Когда Денис сказал о сыне, Елена чуть улыбнулась, добавление дочери разозлило окончательно. Слова путались и, сбивая друг друга, не желали выстраиваться в нормальные фразы.
— Сын… Дочка… — повторила Елена и неожиданно ловким движением стянула через голову тонкий свитер. — А с этим как? Ты глаза-то открой! Будь у меня сейчас сын, ты бы не зажмурился, жрал бы яичницу, ковырял в зубах и смотрел в окно…
Денис покорно глаза открыл, но не поднял. Елена подошла и прижала его голову к груди.
Потом Денис ничего вспомнить не мог, и беспамятство это приводило его в бешенство. Он ощущал себя и крезом, и нищим. Елена вела себя, словно ничего не произошло. Денис несколько дней старался с ее мужем не встречаться, затем все как-то само собой вошло в привычную колею.
Денис купил «Волгу» и окончательно расстался с друзьями. Они появилисъ, как всегда, вдвоем, мазнули по сверкающей машине взглядом, один, криво улыбнувшись, попросил прокатить, второй, он всегда был в их троице главным, прижал Дениса к машине и, тяжело дыша ему в лицо, сказал:
— Ты был олимпийцем, Сергачев, ты был нашим другом. Теперь ты вроде гоголевского Андрия. Я не Тарас, я тебя не рожал, почему ты оказался предателем, не знаю. Когда тебе станет совсем плохо — позвони. Если тебя не подпустят к телефону, — он отстранился, оглядел Дениса, словно раньше никогда не видел, — напиши… В память о Денисе Сергачеве, который был, мы придем.

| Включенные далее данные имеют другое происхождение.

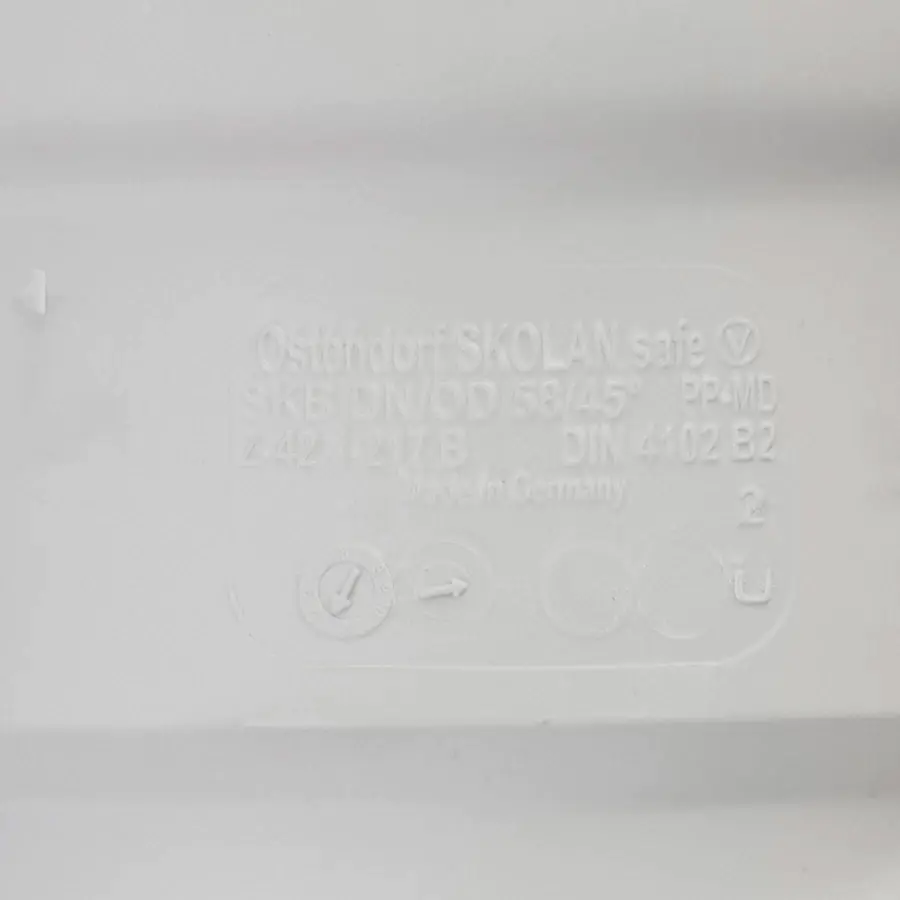 Отвод бесшумной канализации Ostendorf Skolan 58 мм, 45 градусов используется для обустройства поворотов трубопровода и соединению элементов системы под необходимым углом. Для присоединения труб, сифонов и прочих фасонных частей диаметром 50 мм потребуется переход 58х50 мм.

Вечером впервые в жизни Денис напился.
Неожиданную помощь в борьбе с новым увлечением ему оказала та же «Волга». Елена требовала, чтобы Денис ежедневно ездил на машине, подъезжал к редакции, к Спорткомитету, в Лужники. В общем, во всех местах, где его знали и могли видеть, он должен быть за рулем. Мало того, если раньше, разъезжая по своим личным делам, она водила «Жигули» сама, то теперь просила Дениса.
Денис и Елена выступали во внешнем мире как деловые партнеры. Действительно же он был шофером, охранником — хотя об этой роли не догадывался, — представительным и престижным ухажером, который былую страсть сменил на безнадежную и платоническую любовь. В последней роли Денис нравился всем. Елене — потому что такого пажа ни у кого из подруг не было. Фигура, имя, даже обаяние! Милые подружки, радуйтесь за меня и не портите себе цвет лица. Мужчинам Денис был симпатичен, так как среди приятелей за рюмкой можно сказать: «Денис Сергачев, — знаете, этот самый? — за пивом бегает, вчера теплое принес, стартовал заново». Был Денис Сергачев Олимпиец — все с большой буквы, и другие чувствовали себя рядом с ним неполноценными пигмеями, сражались в его присутствии лишь с комплексом неполноценности. Жизнь всех расставила по своим местам. Подругам Елены Денис служил как бы допингом и стимулом. Все давно обрыдло, пошлые мужья-добытчики только о деньгах и говорят, скабрезные анекдоты рассказывают, за спиной шепчутся о девчонках. А появляется Денис Сергачев?! Пусть пока под пятой у этой бездушной стервы… Глаза у Дениса на месте, мозги не все растерял, оглянется, разберется, кто есть кто.
Денис не догадывался, какие страсти кипели, как согревалась давно остывшая кровь, видел только Елену, жил, дышал, как прикажут.
Обычно Денис выходил из дома раньше Елены, прогревал «Волгу», затем спускалась она — деловая, элегантная, несколько отчужденная и от этого еще более желанная.
В тот день все было, как всегда. Денис послушно повел машину — Елена назвала незнакомый адрес, он оказался совсем неподалеку. Остановившись у дома, в котором не было ни магазина, ни ателье, ни парикмахерской, Денис просительно произнес:
— Можно, я подожду в машине? — Ему очень не хотелось пить кофе и слушать женские сплетни.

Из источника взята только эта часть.